Extracted records
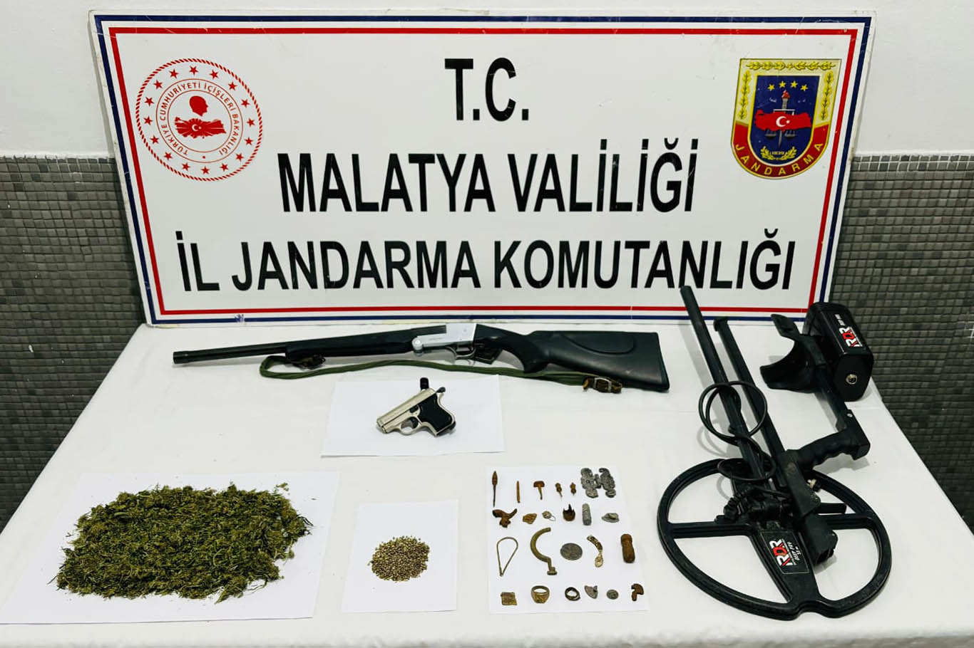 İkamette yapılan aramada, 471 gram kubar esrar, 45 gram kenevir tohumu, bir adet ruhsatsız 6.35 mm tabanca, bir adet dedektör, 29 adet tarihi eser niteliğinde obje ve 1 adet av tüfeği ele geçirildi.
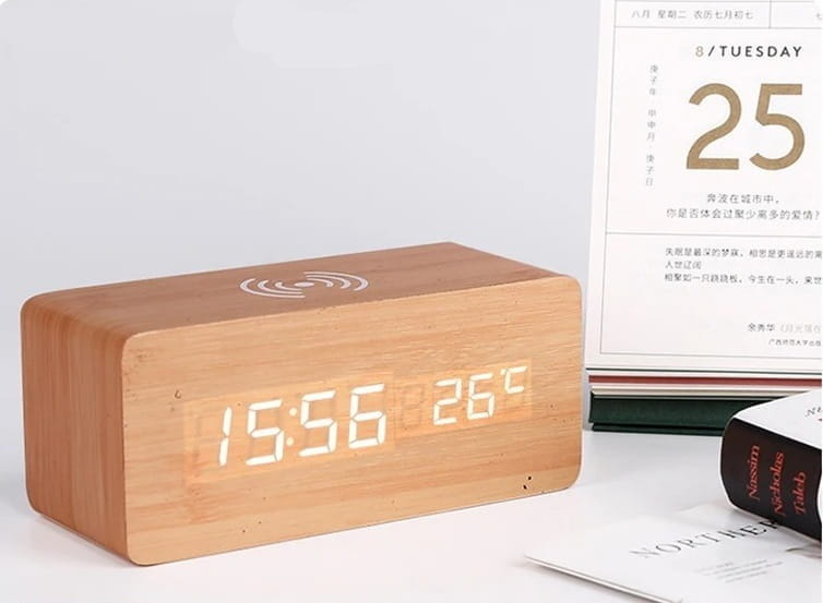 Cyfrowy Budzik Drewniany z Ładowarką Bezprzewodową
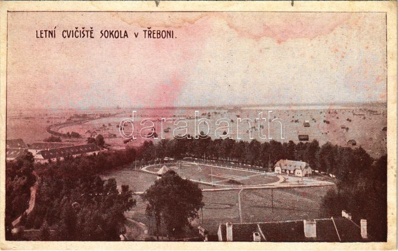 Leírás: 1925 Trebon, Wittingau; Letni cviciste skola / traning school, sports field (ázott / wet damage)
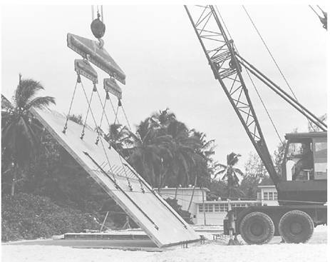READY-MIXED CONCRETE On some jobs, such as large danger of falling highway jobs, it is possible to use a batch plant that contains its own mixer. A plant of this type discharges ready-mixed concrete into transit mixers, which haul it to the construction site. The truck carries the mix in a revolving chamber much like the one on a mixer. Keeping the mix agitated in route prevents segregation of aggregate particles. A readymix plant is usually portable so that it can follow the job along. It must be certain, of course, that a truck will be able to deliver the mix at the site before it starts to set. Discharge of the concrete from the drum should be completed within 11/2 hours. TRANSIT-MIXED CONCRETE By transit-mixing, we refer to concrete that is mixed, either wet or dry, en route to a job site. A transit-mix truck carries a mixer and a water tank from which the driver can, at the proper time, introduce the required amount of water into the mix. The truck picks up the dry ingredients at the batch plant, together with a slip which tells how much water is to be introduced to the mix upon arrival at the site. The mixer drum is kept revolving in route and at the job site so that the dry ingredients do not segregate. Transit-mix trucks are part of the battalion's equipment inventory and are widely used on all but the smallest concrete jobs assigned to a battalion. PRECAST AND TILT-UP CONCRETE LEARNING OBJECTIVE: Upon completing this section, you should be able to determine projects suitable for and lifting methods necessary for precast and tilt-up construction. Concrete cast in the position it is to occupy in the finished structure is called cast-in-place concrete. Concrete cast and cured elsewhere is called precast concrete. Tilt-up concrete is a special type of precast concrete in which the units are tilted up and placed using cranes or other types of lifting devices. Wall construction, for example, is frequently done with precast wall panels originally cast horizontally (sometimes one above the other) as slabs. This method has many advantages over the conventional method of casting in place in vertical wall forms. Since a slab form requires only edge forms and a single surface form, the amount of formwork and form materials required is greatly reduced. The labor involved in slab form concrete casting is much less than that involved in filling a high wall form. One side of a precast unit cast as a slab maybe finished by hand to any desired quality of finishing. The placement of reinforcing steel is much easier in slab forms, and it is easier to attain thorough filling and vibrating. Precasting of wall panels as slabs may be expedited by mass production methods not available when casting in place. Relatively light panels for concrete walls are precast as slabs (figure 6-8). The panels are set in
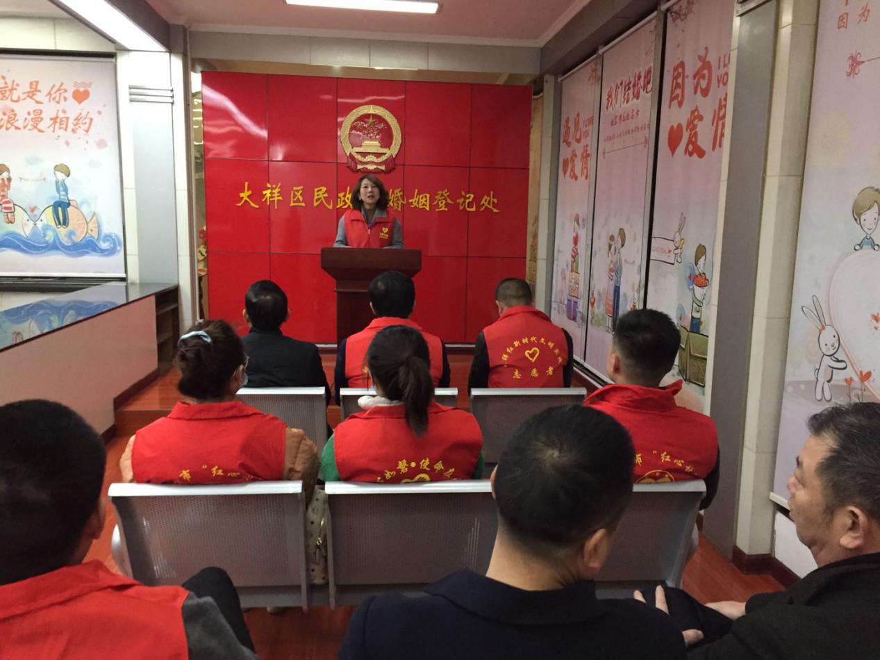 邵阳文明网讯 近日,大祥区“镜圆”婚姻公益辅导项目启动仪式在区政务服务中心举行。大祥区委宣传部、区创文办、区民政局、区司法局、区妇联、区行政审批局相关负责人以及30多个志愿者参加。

What needs to be done:
An exact reproduction of every record above is required, with no pictures included.

Expected answer:
 İkamette yapılan aramada, 471 gram kubar esrar, 45 gram kenevir tohumu, bir adet ruhsatsız 6.35 mm tabanca, bir adet dedektör, 29 adet tarihi eser niteliğinde obje ve 1 adet av tüfeği ele geçirildi.
 Cyfrowy Budzik Drewniany z Ładowarką Bezprzewodową
 Leírás: 1925 Trebon, Wittingau; Letni cviciste skola / traning school, sports field (ázott / wet damage)
READY-MIXED CONCRETE On some jobs, such as large danger of falling highway jobs, it is possible to use a batch plant that contains its own mixer. A plant of this type discharges ready-mixed concrete into transit mixers, which haul it to the construction site. The truck carries the mix in a revolving chamber much like the one on a mixer. Keeping the mix agitated in route prevents segregation of aggregate particles. A readymix plant is usually portable so that it can follow the job along. It must be certain, of course, that a truck will be able to deliver the mix at the site before it starts to set. Discharge of the concrete from the drum should be completed within 11/2 hours. TRANSIT-MIXED CONCRETE By transit-mixing, we refer to concrete that is mixed, either wet or dry, en route to a job site. A transit-mix truck carries a mixer and a water tank from which the driver can, at the proper time, introduce the required amount of water into the mix. The truck picks up the dry ingredients at the batch plant, together with a slip which tells how much water is to be introduced to the mix upon arrival at the site. The mixer drum is kept revolving in route and at the job site so that the dry ingredients do not segregate. Transit-mix trucks are part of the battalion's equipment inventory and are widely used on all but the smallest concrete jobs assigned to a battalion. PRECAST AND TILT-UP CONCRETE LEARNING OBJECTIVE: Upon completing this section, you should be able to determine projects suitable for and lifting methods necessary for precast and tilt-up construction. Concrete cast in the position it is to occupy in the finished structure is called cast-in-place concrete. Concrete cast and cured elsewhere is called precast concrete. Tilt-up concrete is a special type of precast concrete in which the units are tilted up and placed using cranes or other types of lifting devices. Wall construction, for example, is frequently done with precast wall panels originally cast horizontally (sometimes one above the other) as slabs. This method has many advantages over the conventional method of casting in place in vertical wall forms. Since a slab form requires only edge forms and a single surface form, the amount of formwork and form materials required is greatly reduced. The labor involved in slab form concrete casting is much less than that involved in filling a high wall form. One side of a precast unit cast as a slab maybe finished by hand to any desired quality of finishing. The placement of reinforcing steel is much easier in slab forms, and it is easier to attain thorough filling and vibrating. Precasting of wall panels as slabs may be expedited by mass production methods not available when casting in place. Relatively light panels for concrete walls are precast as slabs (figure 6-8). The panels are set in
 邵阳文明网讯 近日,大祥区“镜圆”婚姻公益辅导项目启动仪式在区政务服务中心举行。大祥区委宣传部、区创文办、区民政局、区司法局、区妇联、区行政审批局相关负责人以及30多个志愿者参加。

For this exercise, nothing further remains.